Restate word for word the lines of the entries below, starting with the line that holds "Erratically spaced vertical" and ending with the line that holds "The Vegas Golden", and no others.
*** Begin section ***
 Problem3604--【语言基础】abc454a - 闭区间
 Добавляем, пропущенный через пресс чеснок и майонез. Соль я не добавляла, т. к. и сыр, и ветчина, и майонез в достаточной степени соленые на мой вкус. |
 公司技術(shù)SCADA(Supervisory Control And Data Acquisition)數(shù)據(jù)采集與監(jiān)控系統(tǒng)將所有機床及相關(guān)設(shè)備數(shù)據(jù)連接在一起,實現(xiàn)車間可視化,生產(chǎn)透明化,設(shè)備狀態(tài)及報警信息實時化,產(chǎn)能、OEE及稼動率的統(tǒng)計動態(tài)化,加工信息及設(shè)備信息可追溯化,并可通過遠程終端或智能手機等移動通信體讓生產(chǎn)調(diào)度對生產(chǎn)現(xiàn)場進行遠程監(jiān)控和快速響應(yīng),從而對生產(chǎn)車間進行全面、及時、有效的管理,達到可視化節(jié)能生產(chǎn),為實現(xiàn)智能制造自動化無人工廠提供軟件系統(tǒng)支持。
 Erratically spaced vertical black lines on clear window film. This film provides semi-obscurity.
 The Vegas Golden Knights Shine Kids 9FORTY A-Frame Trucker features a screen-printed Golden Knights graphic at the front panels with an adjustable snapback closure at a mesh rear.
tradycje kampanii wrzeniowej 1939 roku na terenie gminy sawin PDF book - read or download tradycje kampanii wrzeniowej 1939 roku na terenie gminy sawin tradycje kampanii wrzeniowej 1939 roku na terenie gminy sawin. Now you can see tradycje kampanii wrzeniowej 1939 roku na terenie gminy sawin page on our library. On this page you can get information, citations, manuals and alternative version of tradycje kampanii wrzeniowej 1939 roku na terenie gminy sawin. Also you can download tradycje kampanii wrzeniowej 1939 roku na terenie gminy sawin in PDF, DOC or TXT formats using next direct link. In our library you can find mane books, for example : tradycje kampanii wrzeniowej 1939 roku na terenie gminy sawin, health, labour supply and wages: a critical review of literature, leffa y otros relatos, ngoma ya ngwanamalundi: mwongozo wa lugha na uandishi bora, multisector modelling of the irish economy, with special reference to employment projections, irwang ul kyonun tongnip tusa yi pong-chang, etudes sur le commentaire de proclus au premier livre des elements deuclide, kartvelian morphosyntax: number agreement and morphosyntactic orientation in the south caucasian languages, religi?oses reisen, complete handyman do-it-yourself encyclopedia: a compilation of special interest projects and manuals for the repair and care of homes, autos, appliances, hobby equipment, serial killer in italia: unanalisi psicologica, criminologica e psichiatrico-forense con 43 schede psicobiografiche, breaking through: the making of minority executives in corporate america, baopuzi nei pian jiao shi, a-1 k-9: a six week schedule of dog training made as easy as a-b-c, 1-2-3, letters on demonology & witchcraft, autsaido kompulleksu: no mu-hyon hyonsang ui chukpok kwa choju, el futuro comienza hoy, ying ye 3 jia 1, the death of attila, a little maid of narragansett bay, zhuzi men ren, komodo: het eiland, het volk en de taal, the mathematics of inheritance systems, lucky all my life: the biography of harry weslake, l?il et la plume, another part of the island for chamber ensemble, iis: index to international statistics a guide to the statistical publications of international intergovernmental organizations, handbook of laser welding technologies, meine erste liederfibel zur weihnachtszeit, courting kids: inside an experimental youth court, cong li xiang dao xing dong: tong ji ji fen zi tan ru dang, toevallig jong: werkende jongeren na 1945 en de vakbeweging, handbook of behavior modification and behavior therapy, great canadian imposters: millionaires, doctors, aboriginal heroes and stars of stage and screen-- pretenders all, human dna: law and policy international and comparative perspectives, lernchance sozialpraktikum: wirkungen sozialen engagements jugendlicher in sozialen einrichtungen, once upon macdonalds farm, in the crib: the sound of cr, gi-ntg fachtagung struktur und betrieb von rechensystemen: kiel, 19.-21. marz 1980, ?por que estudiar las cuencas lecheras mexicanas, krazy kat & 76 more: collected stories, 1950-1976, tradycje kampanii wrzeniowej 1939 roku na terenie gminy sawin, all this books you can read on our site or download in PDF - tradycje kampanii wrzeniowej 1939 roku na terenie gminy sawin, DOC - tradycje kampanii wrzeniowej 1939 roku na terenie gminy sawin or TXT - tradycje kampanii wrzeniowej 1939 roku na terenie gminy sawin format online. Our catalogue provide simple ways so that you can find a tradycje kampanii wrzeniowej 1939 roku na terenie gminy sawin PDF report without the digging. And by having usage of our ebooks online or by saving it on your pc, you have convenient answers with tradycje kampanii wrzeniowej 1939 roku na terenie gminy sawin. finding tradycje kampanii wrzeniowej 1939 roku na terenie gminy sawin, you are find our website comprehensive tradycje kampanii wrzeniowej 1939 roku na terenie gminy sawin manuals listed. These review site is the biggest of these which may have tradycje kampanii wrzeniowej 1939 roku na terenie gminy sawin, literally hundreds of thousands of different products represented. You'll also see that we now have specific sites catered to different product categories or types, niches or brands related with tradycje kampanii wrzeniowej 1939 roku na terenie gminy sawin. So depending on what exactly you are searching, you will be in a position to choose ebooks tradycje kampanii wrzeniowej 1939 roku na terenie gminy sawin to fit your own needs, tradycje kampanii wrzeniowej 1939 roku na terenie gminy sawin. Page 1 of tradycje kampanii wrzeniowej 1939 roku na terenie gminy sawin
*** End section ***
EXERCISE RESPONSE:
 Erratically spaced vertical black lines on clear window film. This film provides semi-obscurity.
 The Vegas Golden Knights Shine Kids 9FORTY A-Frame Trucker features a screen-printed Golden Knights graphic at the front panels with an adjustable snapback closure at a mesh rear.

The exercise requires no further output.